Task to complete → Transcribe only the lines in the data below falling between the line with "this is a.." and the line with "Variables Characteristics Percentage", including those two lines, and leave out any picture.

Recorded data →
Content starts

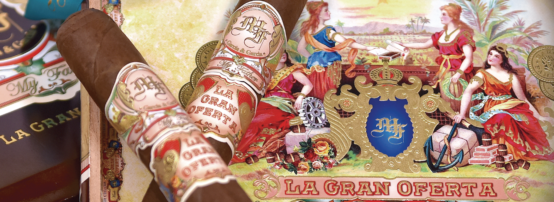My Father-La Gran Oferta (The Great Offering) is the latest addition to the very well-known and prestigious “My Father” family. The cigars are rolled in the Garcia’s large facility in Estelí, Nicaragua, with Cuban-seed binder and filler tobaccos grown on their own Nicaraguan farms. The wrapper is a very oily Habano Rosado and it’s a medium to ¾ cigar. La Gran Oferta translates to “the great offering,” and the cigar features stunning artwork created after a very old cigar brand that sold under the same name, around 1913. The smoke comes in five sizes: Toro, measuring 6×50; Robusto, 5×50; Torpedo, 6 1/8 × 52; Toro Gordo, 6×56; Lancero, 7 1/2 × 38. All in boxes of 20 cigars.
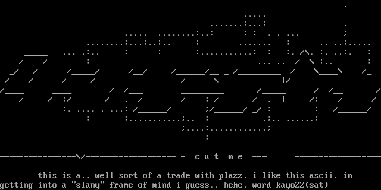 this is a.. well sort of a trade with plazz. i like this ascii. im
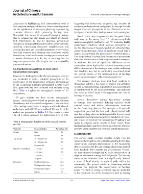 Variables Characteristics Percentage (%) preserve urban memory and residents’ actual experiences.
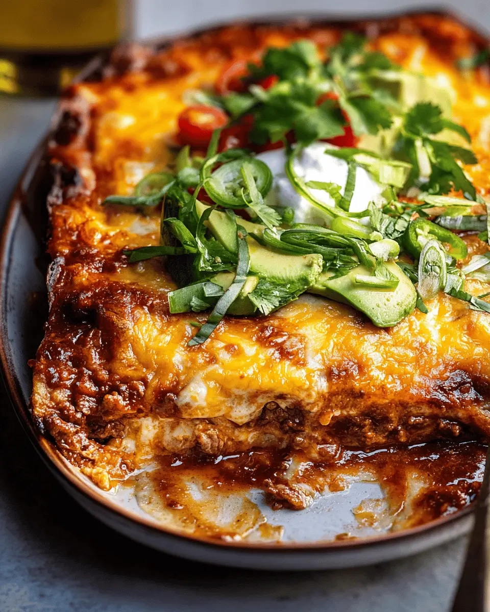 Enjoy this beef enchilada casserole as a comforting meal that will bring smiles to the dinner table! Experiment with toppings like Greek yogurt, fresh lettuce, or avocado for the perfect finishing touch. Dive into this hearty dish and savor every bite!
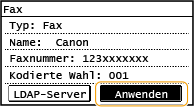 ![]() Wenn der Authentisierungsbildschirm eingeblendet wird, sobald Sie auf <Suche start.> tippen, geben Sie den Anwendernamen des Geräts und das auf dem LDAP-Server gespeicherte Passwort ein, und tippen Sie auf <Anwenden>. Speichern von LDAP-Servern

Content ends
Content starts

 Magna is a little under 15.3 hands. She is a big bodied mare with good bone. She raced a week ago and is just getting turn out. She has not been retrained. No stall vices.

Content ends

Exercise response →
 this is a.. well sort of a trade with plazz. i like this ascii. im
 Variables Characteristics Percentage (%) preserve urban memory and residents’ actual experiences.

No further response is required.